Eben noch hatte sie einen Autounfall verhindert. Fast wären mehr als zwanzig Fahrzeuge ineinander gerast, nur weil ein Fahrer sich während der Fahrt nach seiner hingefallenen Kippe bückte. Gabrielle hatte im Vorbeiflug durch das offene Fenster gegriffen und das Lenkrad gehalten. Als der Mann sich wieder aufrichtete – nichts war geschehen – eilte Gabrielle bereits zu ihrem nächsten Job, denn sie spürte, dass ihre Zeit inzwischen knapper geworden war. Im Ort nebenan war ein Haus in Brand geraten. Sie rettete ein Baby aus seiner Wiege und sorgte dafür, dass es wohlbehalten im Sprungtuch der Feuerwehr landete. Niemand sah, wer das Kind geworfen hatte.
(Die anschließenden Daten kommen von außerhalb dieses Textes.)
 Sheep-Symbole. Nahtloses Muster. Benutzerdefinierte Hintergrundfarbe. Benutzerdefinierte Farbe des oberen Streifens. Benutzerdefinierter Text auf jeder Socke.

Wichtig war nur, dass es dem Kleinen gut ging.

Allein davor hatte sie schon dreiundzwanzig Kleinaufträge erledigt. Sogar einen Passagierjet musste sie vor dem Absturz bewahren. Und das alles in einem unwahrscheinlich kurzen Zeitfenster.

Sie war mittlerweile fast fünfzehn Stunden ohne Pause unterwegs und hatte heute schon zahlreiche Leben gerettet. Bislang hatte sie ihr Pensum an Aufträgen ohne größere Komplikationen einhalten können.

Jetzt war sie schon wieder in Eile, doch sie wusste nicht, ob sie es dieses Mal noch rechtzeitig schaffen würde. Am Ende der Altstadt erreichte sie endlich ihr Ziel: Ein altes Fachwerkhaus, noch aus den ersten Tagen der Stadt.

Die Tür! Sie stieß sie auf, rannte durch den kurzen Flur, dann die Holztreppe hinauf. Am Ende der Diele, vorbei an Küche und Wohnzimmer, war wieder eine Tür.

Gabrielle sprang hindurch und wirbelte herum. Sie konzentrierte sich und schloss die Augen, während sie sich vorsichtig hinhockte. Dann blieb sie für einen Moment regungslos: Das erste Mal Ruhe an diesem Tag. Sie seufzte tief. Gerade noch rechtzeitig hatte sie es geschafft.

„Gerettet“, dachte sie und zog an der Kette der Klospülung.